Out of curiosity, we want to try to use Machine Learning algorithms to predict whether the projects are going to succeed or fail. If we succeed in doing this, we should be able to figure out the best way to improve the success rate of future projects. We chose Kickstarter because of the large number of projects spanning over years. There are a lot of open datasets you can find on the internet and we got one from here. This dataset contains over 300,000 projects; however, it only contains general information about projects including title, category, currency, country, goal, pledge, important dates, and state. There is a lot more useful information you can add to improve the accuracy such as description, keywords, activities, competitors, patents, team, and company reputation. For demonstration purpose, we only considered 20,000 projects. The screenshot below shows the preview of this dataset.

Objectives

  1. Profiling: Use Profile Snap from ML Analytics Snap Pack to get statistics of this dataset.
  2. Data Preparation: Perform data preparation on this dataset using Snaps in ML Data Preparation Snap Pack.
  3. AutoML: Use AutoML Snap from ML Core Snap Pack to build models and pick the one with the best performance.
  4. Cross Validation: Use Cross Validator (Classification) Snap from ML Core Snap Pack to perform 10-fold cross validation on various Machine Learning algorithms. The result will let us know the accuracy of each algorithm in the success rate prediction.

We are going to build 5 Pipelines: Profiling, Data Preparation, Data Modelling and 2 Pipelines for Cross Validation with various algorithms.
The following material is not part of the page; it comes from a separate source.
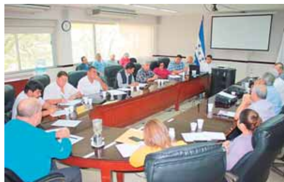
El titular de la SAG se reunió con productores de arroz para conocer sus planteamientos.

tamos haciendo un esfuerzo extraordinario como Gobierno para apoyar a estos productores”, apuntó. Agregó que, de existir la modalidad de asociatividad a través de cajas rurales en las zonas afectadas, se buscarán los esquemas para poner a disposición fondos blandos para el financiamiento de estos pequeños productores. El titular de la SAG pormeno-
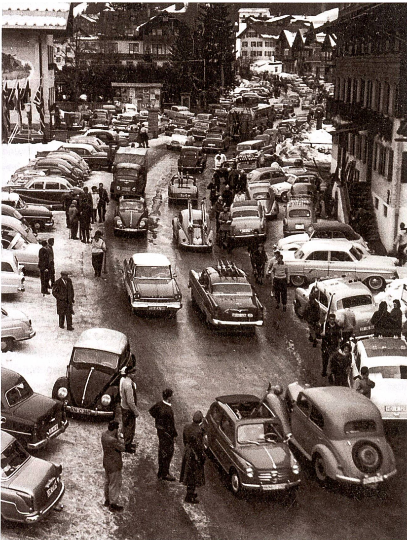
4 Autoverkehr in Riezern, Kleinwalsertal, Januar/Februar 1960.

Die Kehrseite dieses touristischen Erfolgs war die Blechlawine, die sich über die Walserstrasse ins Tal ergoss. Schon Ende der 1940er-Jahre liest man in der Talzeitung wiederholt über den zunehmenden Verkehr, überlastete und schadhafte Strassen als Gegenstände von Beschwerden und als Tagesordnungspunkte im Gemeinderat. Am ersten Märzsonntag des Jahres 1952 wurden neben 180 Fahrten des Postbus-Linienverkehrs 1000 Kraftfahrzeuge gezählt, die die Zufahrtsstrasse zum Tal passierten. 27 Ziemlich genau 30 Jahre später, am 21. Februar 1982, ebenfalls einem Sonntag, zählte man mit 3117 Kraftfahrzeugen rund dreimal so viele, 28 1992 sprach der Walser, Gemeindeblatt und Talzeitung, von täglich 4700 Autos. 29 Über den hausgemachten Verkehr informieren die Zulassungszahlen im Tal: Gab es hier 1932 acht PKW und 14 Motorräder, so waren es 1963 bereits 511 PKW, LKW und Busse sowie 91 Motorräder und 1992 2125 PKW, LKW und Busse sowie 164 einspurige Fahrzeuge (Mopeds und Motorräder). 30

Each of these Pipelines is described in the Pipelines section below.

Pipelines

Profiling

In order to get useful statistics, we need to transform the data a little bit.

We use the first Mapper Snap (Select Fields) to select and rename fields.

Then, we use Type Converter Snap to automatically derive types of data.

Since we only focus on successful and failed projects, we use Filter Snap to filter out live, canceled, and projects with another status.

The Date Time Extractor Snap is used to convert the launch date and the deadline to an epoch which are used to compute the duration in the Mapper Snap (Compute Duration). With the Pass through in the Mapper Snap, all input fields will be sent to the output view along with the $duration. However, we drop $deadline here.

At this point, the dataset is ready to be fed into the Profile Snap.

Finally, we use Profile Snap to compute statistics and save on SLFS in JSON format.

The Profile Snap has 2 output views. The first one is converted into JSON format and saved as a file. The second one is an interactive report which is shown below.

Click here to see the statistics generated by the Profile Snap in JSON format.

Data Preparation

In this Pipeline, we want to transform the raw dataset into a format that is suitable for applying Machine Learning algorithms.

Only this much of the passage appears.